Benchmarking Mutual Information-based Loss Functions in Federated Learning
Sarang S, Harsh D. Chothani, Qilei Li, Ahmed M. Abdelmoniem, Arnab K. Paul
TL;DR
Federated Learning faces fairness and performance gaps due to data heterogeneity and privacy constraints. The authors benchmark Mutual Information (MI)-based losses, rooted in variational MI bounds such as DV and NWJ, against Cross-Entropy baselines across FL strategies (FedAvg, Ditto, q-FedAvg) using CIFAR-10. They demonstrate that MI-based losses can reduce disparities among clients while preserving or enhancing overall performance, with losses like $I_{\text{ReJS}}$ and $I_{\text{ReInfoNCE}}$ showing strong gains, especially in Non-IID settings.
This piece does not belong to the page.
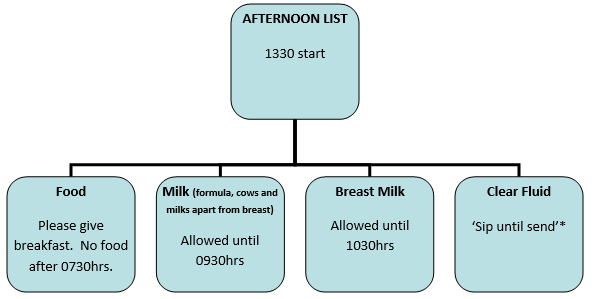 Families and staff should be given accurate and consistent information relating to fasting.  Written guidance should be given to patients and parents when they attend pre-assessment clinic, and/or when their booking letter is sent out.  The importance of providing food up until the fasting time (where practical) and clear fluids containing sugar until sending must be clearly explained to parents & guardians.

Although MI-based losses incur computational overhead, the study provides a scalable, fairness-focused approach for FL and outlines directions for efficiency improvements and hybrid priors.
Abstract
Federated Learning (FL) has attracted considerable interest due to growing privacy concerns and regulations like the General Data Protection Regulation (GDPR), which stresses the importance of privacy-preserving and fair machine learning approaches. In FL, model training takes place on decentralized data, so as to allow clients to upload a locally trained model and receive a globally aggregated model without exposing sensitive information. However, challenges related to fairness-such as biases, uneven performance among clients, and the "free rider" issue complicates its adoption. In this paper, we examine the use of Mutual Information (MI)-based loss functions to address these concerns. MI has proven to be a powerful method for measuring dependencies between variables and optimizing deep learning models. By leveraging MI to extract essential features and minimize biases, we aim to improve both the fairness and effectiveness of FL systems. Through extensive benchmarking, we assess the impact of MI-based losses in reducing disparities among clients while enhancing the overall performance of FL.